What Are The Five Best Exercises To Do In A HIIT Program?
09 May

What Are The Five Best Exercises To Do In A HIIT Program?

The essential framework of high-intensity interval training is always the same: Brief, all-out work periods, separated by rest periods that you wish were just a little longer. The work-to-rest ratio can vary from 1:1 (for example, 30 seconds on, 30 seconds off) to 1:4 or more, and the rounds can be just a few or 15 or more. But no matter how long you rest, the key is that you bring everything you’ve got to your intervals.
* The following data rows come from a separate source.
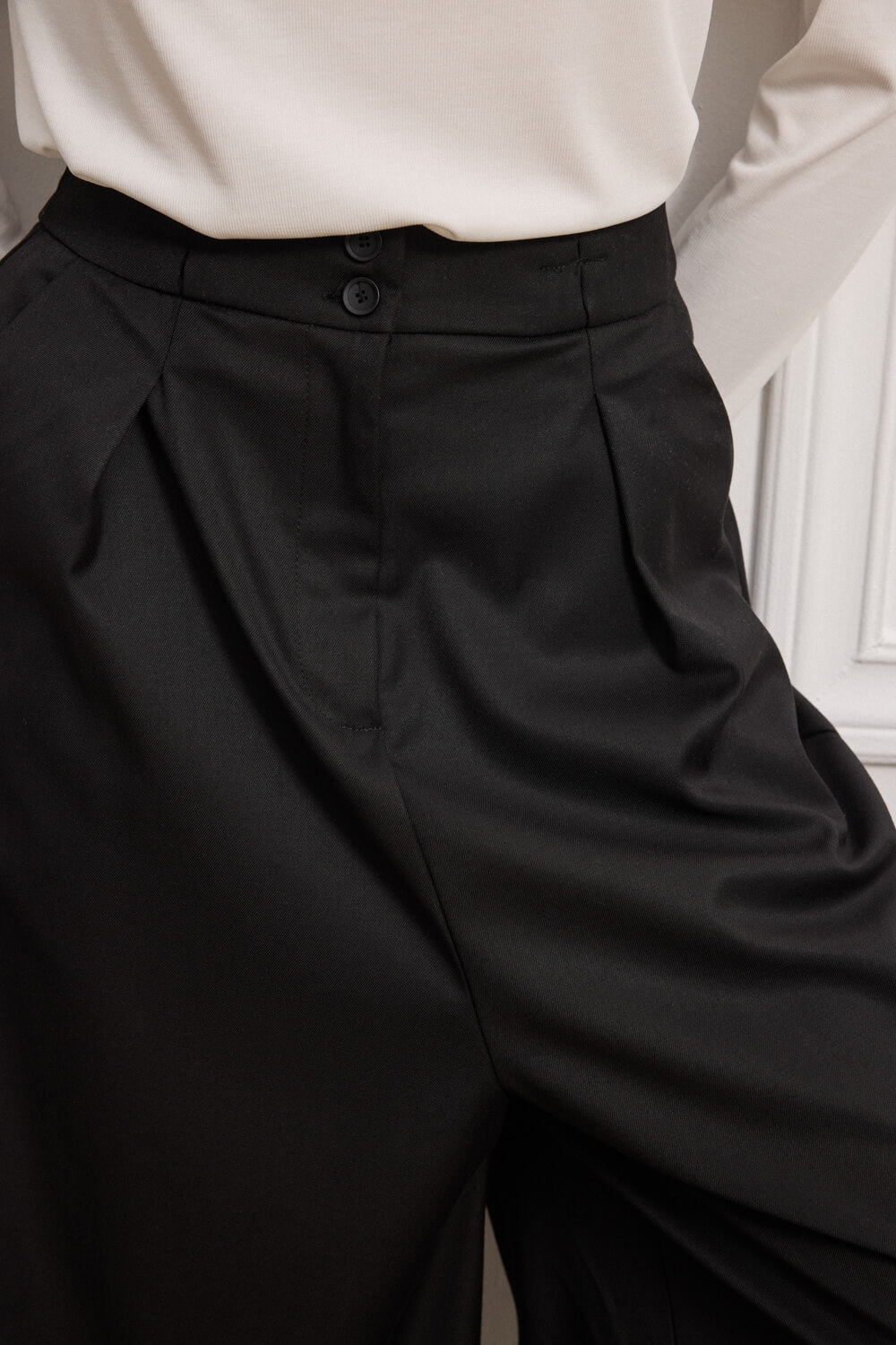 Οι πιέτες μπροστά προσδίδουν μία κομψή αίσθηση δίνοντας κίνηση,
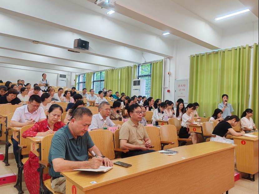 徐闻县教育局党组成员、副局长陈兴钦作开班动员讲话,要求参加培训的老师珍惜本次学习机会,作为各学科组长,要带着问题来,带着答案回,通过培训学习取长补短,把好的教学方法、教学理念带回学校,带动学校学科向好发展,落实校本研修环节,提升学校办学质量。
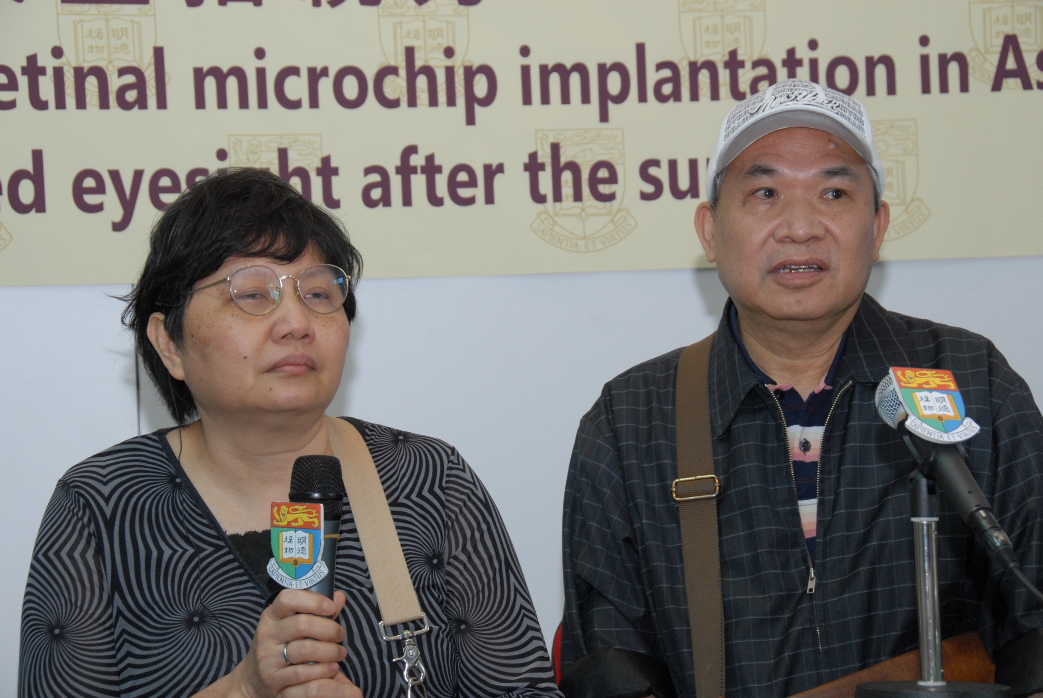 Professor David WONG says, "Having been blind for so long, Mrs Tsang has to learn to see once again. It is like a baby learning to walk." The patient has to practise hand-eye coordination and learn to control her eye movement in order to fix her sight at appropriate targets. "In Hong Kong, there are probably over 2,000 patients with retinitis pigmentosa. We wish to thank the patient support group Retina Hong Kong that helped us identifying those patients that might be suitable for this treatment."
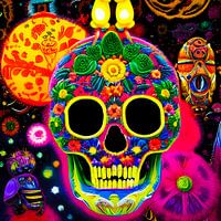 Für dieses Kunstwerk habe ich mit den Möglichkeiten der Künstlichen Intelligenz gespielt und mir einen Totenkopf mit bunten Blumen zaubern lassen. Da mir die Ergebnisse so gut gefallen haben, dass ich sie tatsächlich in meiner Wohnung aufgehängt und mir auch ein paar T-Shirts damit bedruckt habe, wollte ich Ihnen meine blumigen…
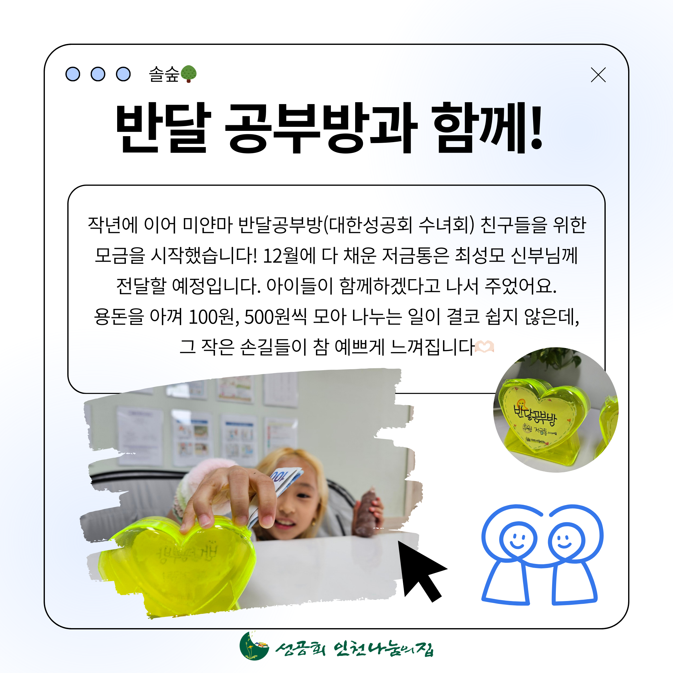 + 주님의 평화를 빕니다. 인천나눔의집 원장사제 최성모 요한입니다. 1989년 6월 25일 인천 송림동 달동네에서 시작한 인천나눔의집은 현재 두 곳의 지역아동센터를 통해 돌봄과 도움이 필요한 어
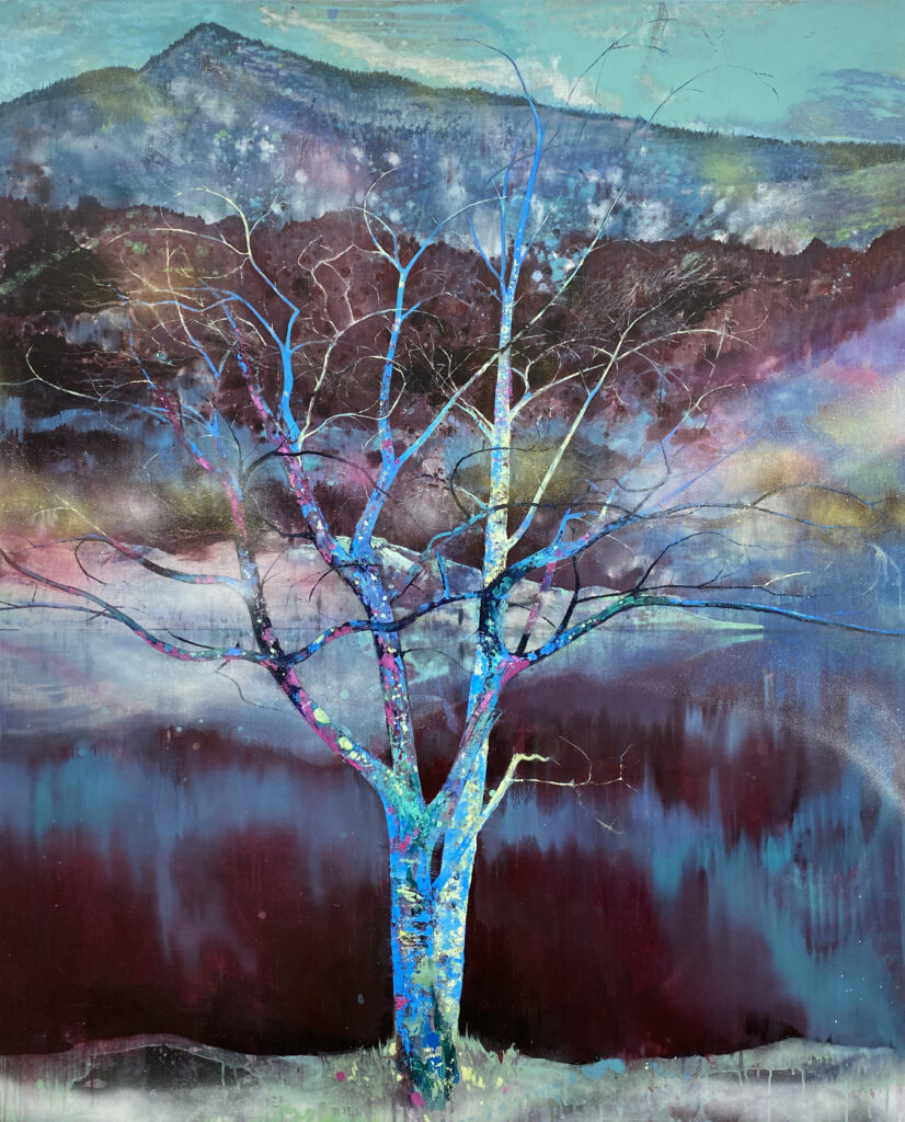 His paintings — enriched with glass beads, silver powder, and gold leaf — reflect an alpine memory: frozen lakes, mirrored mountains, suspended light.

HIIT can be used to lose as much fat as possible while cutting, to stay lean and conditioned while adding muscle, or to improve aerobic and anaerobic endurance for performance-focused athletes.

HIIT Cycling

For 45-60 seconds, set your bike to your high intensity resistance level and pedal as hard and as fast as you can. For 45-60 seconds, set your bike to your low intensity resistance level and catch your breath and recover. HIIT exercise bike workout is more forgiving than jumping right into an intense running or weight training program. If you’re new to exercise, build up to at least 3, 20-30 minute sessions on your bike for 2 to 4 weeks before adding in HIIT training.



HIIT Running

As your VO2 max increases, you’ll be able to run faster and further. HIIT running workouts also burn a lot of calories in a short amount of time. … HIIT is aimed more at leaning out by working muscles at various intensities. HIIT running workouts can take your endurance up a notch, though. Specific HIIT workouts you can do on the Treadmill 5-min warm-up at a brisk walk pace. Run 1 minute at 7mph followed by 2 minutes at 5.5mph – repeat 5 times (15 minutes) Walk 1 minute at an easy pace to recover a bit.Run 30 seconds at 10-12mph followed by 1 minute at 4mph – repeat 5 times (7.5 minutes)

HIIT Kettlebells

Kettlebells are a perfect match for interval training, and the constant acceleration of your breathing and heart rate during HIIT will help to boost your anaerobic capacity. Full body training. … In fact, kettlebell swings have notoriety as kind of a ‘magic’ exercise. Kettlebell Halo for Improved Shoulder Mobility. … As the name suggests, it is performed by making tight circles around the head with the kettlebell. Here is a step-by-step instructional guide to help you learn the Kettlebell Halo exercise: Hold a light Kettlebells by the horns, which are the vertical sides of the handle.

HIIT Rowing

The rowing machine. Row at a comfortable pace for a three-minute warm up. At the end of the third minute explode into maximum effort with the aim of burning as many calories as possible in 60 seconds. … Then complete another 60-second set. The Ultimate HIIT Rowing Workout for Total-Body Toning. … The workout combines rowing intervals with strength training, resulting in a high-intensity, low-impact workout.

HIIT Stair Climbing

Training is usually performed only in 15-20 minute bursts due to how demanding it is on your body. For example you would perform 1-minute steady climbing on the stair master and then 1-minute as fast as you can until you have clocked a total of 20 minutes. Add time and try climbing stairs for 60 minutes, four days a week. Each 60-minute session could burn roughly 532 calories per session, which will equate to about 2,218 calories burned in a week’s time.

The great thing about HIIT is that you don’t need to be a professional athlete or need a professional trainer to do these workouts. All you have to do is match the right workout to your fitness level. They are very easy to do and the Internet provides a ton of different workout routines that you can try.